Problems with SYBR green assay - (Dec/13/2007 )
I`m having trouble with a SYBR green assay for a 78 bp product on the LC480 machine. The curves reaches the plateau phase very early and at the same time they are kind of "wavy". I have with some success reduced the waves by changing the primerconcentration. I have run 10 fold dilutions, positive and negative controls. I am able to differentiate between positive and negative samples (my primary goal), but I am not satiesfied with the strange shapes of the curves. I use 5 ul template (DNA concentration ranging between 13 - 135 ng/ul). Originally the protocol is taken from a conventional PCR, and I have applied exactly the same program for the LC480. I have to admit that I'm quit new in this game and would be very grateful if anyone have ideas that could improve my run.
Thanks...
[attachment=3941:Amplific...n_curves.ppt]
I also ran the products on a 1.25 % agarose gel --> negative 
I'm afraid we are going to need more information to troubleshoot this: which program setup are you using, primer concentrations, etc...
What I can see is that first your template is amplifying far too early, so I would try diluting it further. Also, is not generally a good idea to translate a conventional PCR program into qPCR, as in qPCR you are going to use far shorter cycles...
If you provide us with some more information we might be able to help you...
What I can see is that first your template is amplifying far too early, so I would try diluting it further. Also, is not generally a good idea to translate a conventional PCR program into qPCR, as in qPCR you are going to use far shorter cycles...
If you provide us with some more information we might be able to help you...
Thank you for your answer. Here is some extra information.

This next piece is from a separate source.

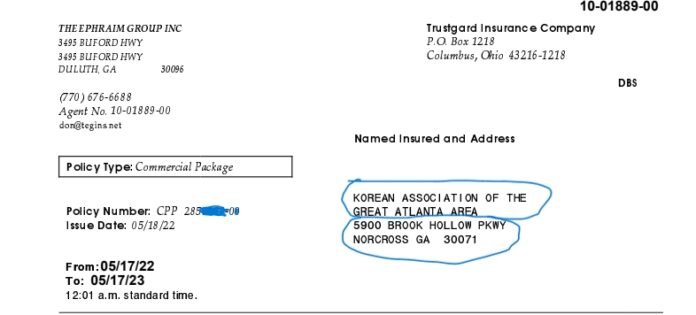 애틀랜타 한인회가 올해 5월17일 새로 든 보험. 여전히 한인회 명칭이 잘못되어 있으며, 한인회 관계자가 이 보험에 대해 인지하지못해 부실 행정을 드러냈다./에이전트 제공

This is the temperature program I used:
94 C- 5 min
94 C - 30 s
48 C - 30 s
72 C - 30 s
72 C - 5 min
Primerconcentration: 0.25 uM
I have also used the LightCycler 480 SYBR Green I master kit.
Dilutions of all samples were made ( 1:10 ----> 1:100 000) with no success (only non diluted and 1:10 dilutions seem to be "positive")...Maybe I could try to change the time settings in the amplification step or is it possible at all to make this function with the RT-PCR machine?
The weird thing is that you have no products visible on agarose. The PCR reaction should lend somthing visible, as a plateau phase is reached. So, maybe the amplification you see is not the real product, but another thing (like primer dimers, etc). Every time you have weird amplification curves reflect a problem with your amplification. I suggest you try different primers.
Another question : have you ever got a good amplification with other primers on this machine?
And as for the program, it seems fine to me. And I also use 250 ng of primers. Hope this helps!
Sfinx:
Can you post the raw fluorescent data too? (Experiment - Data tab - Fluorescent History graph)
On the first look it seems that amplification has a nonexistent baseline, that is usually caused by high concentration of sample, but hard to tell without raw data.
Then, your annealing temperature is quite low, usually primers are designed specially for real-time so that they work at 60 °C annealing.
Just an idea.. standard amplification program for SYBR on LC480 is:
95 - 5min
cycle
95 - 10 s
anneal - 10 s
72 - 10s
That should be enough for such a small amplicon anyway. Try that.